Han
transcurrido tantos años desde mi creación, que difícilmente puedo recordar mi
nombre. Siempre una vida diferente, una entidad diferente. Podría afirmar que
soy el hijo del amor y de la ira. A través de los tiempos, empujado por mi
rabia, he poseído millares de cuerpos humanos. Frágiles, ambiciosos, pero
sobretodo, estúpidos. No aspiran más que grandeza cuando realmente no son nada,
“sueñas con ser eminente, cuando no eres nadie”. Perdonen, no me he presentado.
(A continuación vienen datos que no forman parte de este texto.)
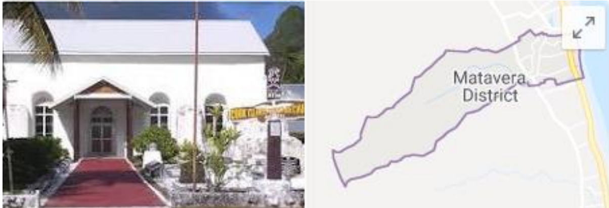
Matavera CICC Church, Location of one of the three water stations in Matavera – A central hub of the village.

The Matavera Water Station was opened on 9 Sept 2015 by the Hon. Kiriau Turepu, Member of Parliament for the village of Matavera, with the generous support of the Cook Foundation. The water station provides filtered, ultraviolet (UV) treated water safe for Matavera Village community to drink.
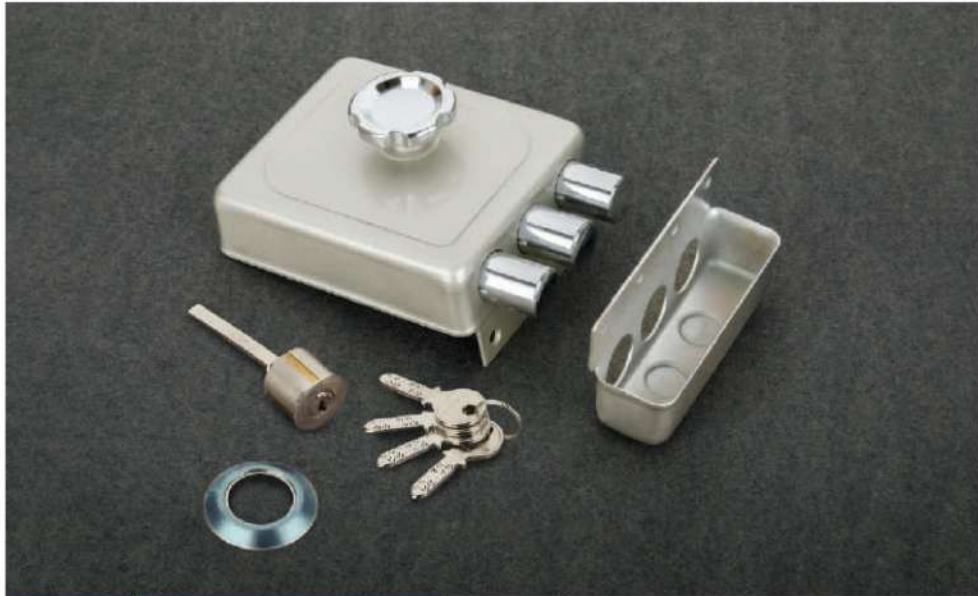
RS 001 | TRIE BOLT
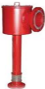
FOAM CHAMBER BRAND :USA, CHINA & UAE
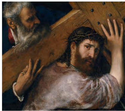
Carrying of the Cross," by Titian, 1565.
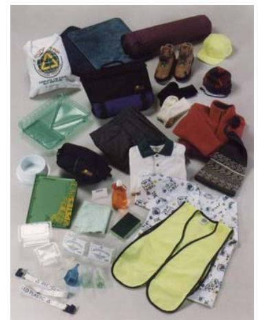
Products made out of recycled plastic beverage bottles

Recycled PET can be used to make many new products, including fiber for polyester carpet; fabric for T-shirts, long underwear, athletic shoes, luggage, upholstery and sweaters; fiberfill for sleeping bags and winter coats; industrial strapping, sheet and film; automotive parts and new PET containers for both food and non-food products.
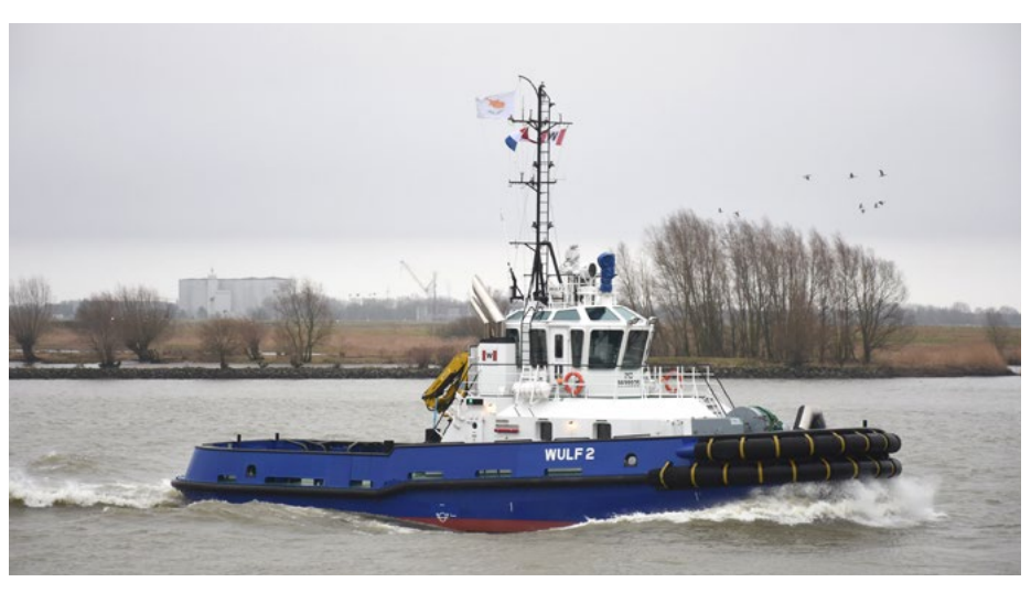
WULF 2 The Netherlands

OSV Euphrates , ex OOC Badger '11, OOC Panther '11 (2011 – 9513866) owned
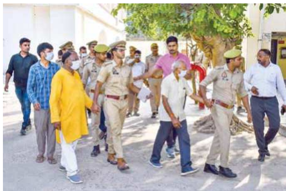
As Uttar Pradesh and Punjab head towards Assembly elections, political parties are weaponising controversies instead of addressing governance. Whether it is "Chanda Chori" or the Satluj debate, accountability has become selective while controversies are amplified and pressing concerns of ordinary citizens are sidelined.

Similarly, the alleged theft of donation money at the Ram Janmabhoomi temple in Ayodhya offers another example of how India's political class has
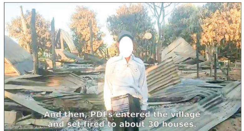
A villager of Minle tells what he witnessed in the incident.

We heard an exchange of fires between the PDF and Tat-
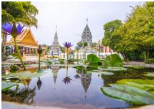
Koh Rong 📍
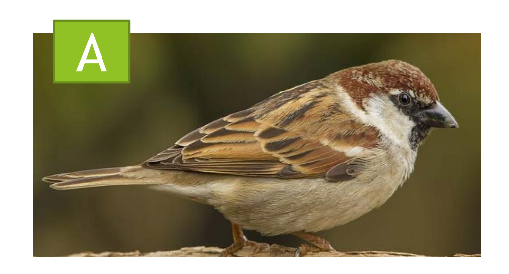
Is it A or B?

This is a protected bird. It's small. It's got a long tail. It's brown and grey.
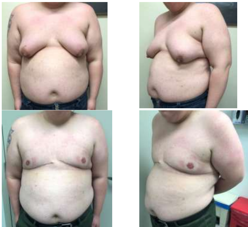
Fig. 2: 27-year-old FtM patient with a BMI of 40.31 kg/m 2 and C cup breasts with grade 3 ptosis. Anterior (A) and left lateral (B) preoperative photos. Weight of right and left mastectomy specimens were 197g and 675g, respectively. Anterior (C) and left lateral (D) at six weeks post operation which utilized an inframammary incision with lateral extension. There was loss of his left central areolar nipple graft managed conservatively with application of Santyl.
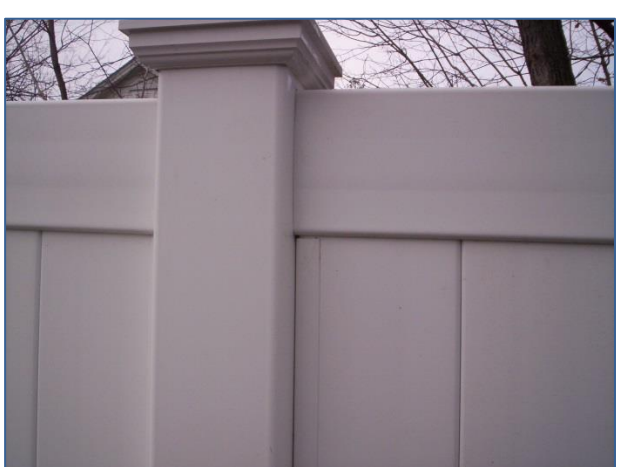
profencesupply is a proud distributor of these fine fence products:

Illusions Vinyl Fence, Grand Illusions Color Spectrum Color Vinyl Fence Products, Grand Illusions Vinyl Woodbond Woodgrain Vinyl Fence Products, Illusions Vinyl Railing System, Eastern Ornamental Aluminum Fence Products, Eastern White Cedar Brand Wood Fence Products, System21 Chain Link Fence, Ameristar Fence Montage Steel Fencing, OnGuard Fence Systems Aluminum Fence.
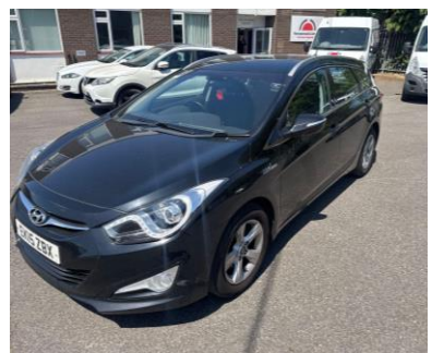
Hyundai 140 tourer
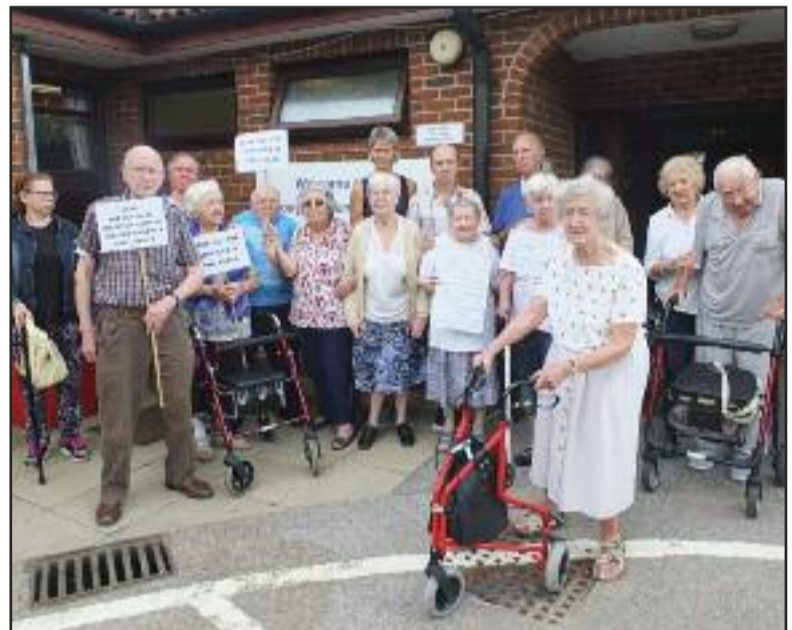
Members and Friends of the Douglas Brunton Centre protesting outside the Centre in Caterham.

There is one more chance to have your say over the draft Local Plan and its implications for the future of Caterham. Consultation ends on Monday 10th September - see page 3.
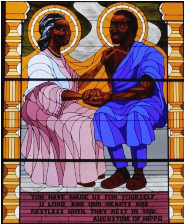
St Augustine and his mother, St Monica, are depicted in a stained-glass window at St Augustine Church in Washington.

We pay tribute to all mothers in the month of May. Mothers brought us into the world, cared and nurtured us in our first years, and journeyed with us through early childhood until whatever age we are today. Mothers deserve our greatest and most grateful and loving thanks. God bless them all. We pray for mothers who are deceased and those who are separated from us for whatever reason.
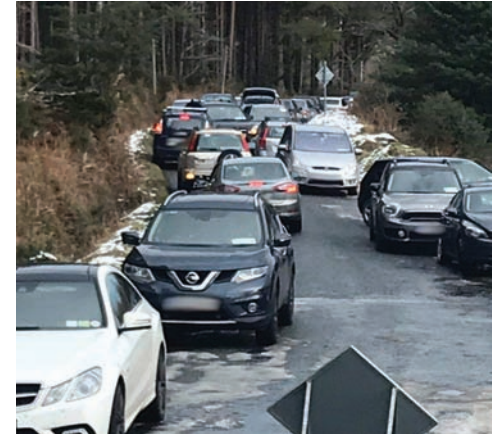
'Snow tourists descent on the Wicklow Uplands'

Over that weekend, Dublin & Wicklow Mountain Rescue Team and Glen of Imaal Mountain Rescue Team were tasked twice to rescue people from upland roads. On the afternoon of Wednesday, January 20th, and very early on Saturday morning, February 2nd
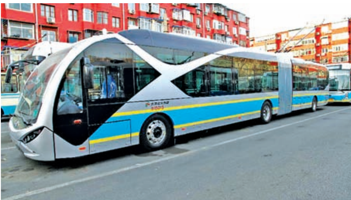
Photo taken on 7 Jan, 2015 shows a brand-new electric bus, 18 metres in length, at the Fuchengmen Outer street bus terminal in Beijing, capital of China. This batch of electric buses will put into operation recently.

The fatality died in the hospital inside the NBP while being treated. Investigation has been ongoing into the incident. Officers of NBP have been under fire after authorities conducted raids last month following reports that convicted drug lords still managed to continue with their illegal drug trade even under custody.—Xinhua
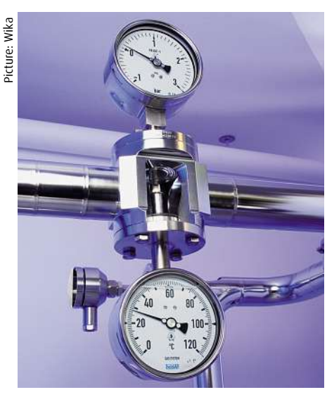
In sanitary applications it is important to make sure that the fill fluid behind the diaphragm is compatible with the process fluid, in case the diaphragm is damaged.

A diaphragm seal between the pressure gauge or sensor eliminates dead space and allows the vessel or pipe to be sterilized without damaging the measuring element.
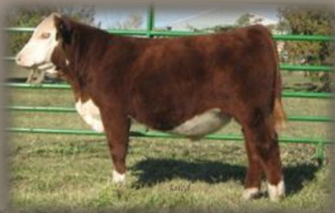
JMF Time Tank 306A Purchased by Carlson Farms Murdock MN
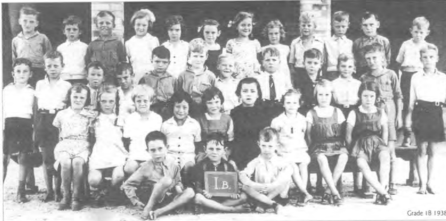
Grade 1B 1938.
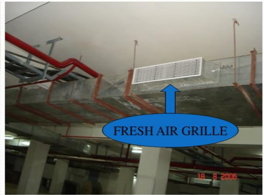
FRESH AIR GRILLE
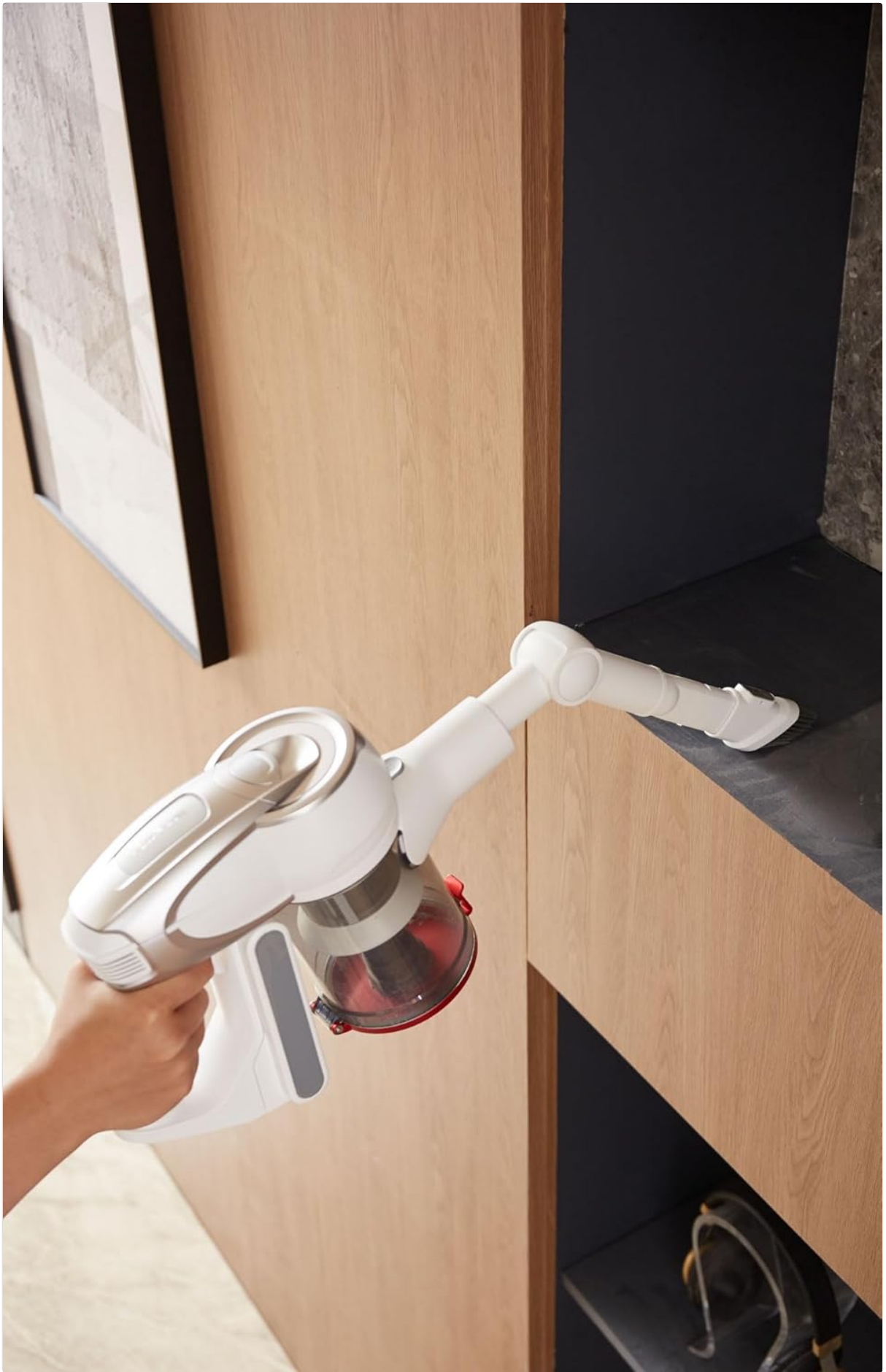
The Honeywell VC10 Aeromax Elite in handheld mode, demonstrating its use with a crevice tool to reach tight spaces.

Recientemente soy conocido como Sergey, no soy un vampiro, mi cuerpo físico no
tiene esa repugnante necesidad de sangre. Soy un ser diferente, no padezco
hambre ni sed. No siento frío, y dificultosamente el fuego logra dañarme.
De
mi pasado recuerdo muy poco, como les he dicho, el tiempo ha hecho estragos en
mi memoria. Desde que tengo conciencia, soy “esto”. Un ser que siente desprecio
por los humanos, que no hace más que dedicarse a corromperlos y acabar con eso
que ellos llaman “felicidad”. A veces soy la necesidad de beber hasta perder la
conciencia, otras me disfrazo de lujuria, y los incito a perderse en sus
asquerosos deseos carnales. Puedo ser la desesperación que te lleva al borde
del abismo… Esa voz que te susurra en tus más solitarias noches “no puedes
seguir”.
Jamás
he amado algo, no soy capaz de sentir empatía. Quizás sea mi naturaleza
destructiva, o el tiempo que me ha incapacitado de sentir algo. Excepto… Esa
calma, que me brinda ella. Muchas veces, siento que es mi custodia, mi guía. La
única que comprende lo que atormenta a esta criatura, condenada a esta patética
existencia. Por eso, antes de saltar a ese oscuro abismo, la observo. Antes de
destruir una vida, la contemplo como si fuese lo único que realmente vale la
pena. Converso con ella y le pido, que en esta noche, como todas las otras… Me
cuide.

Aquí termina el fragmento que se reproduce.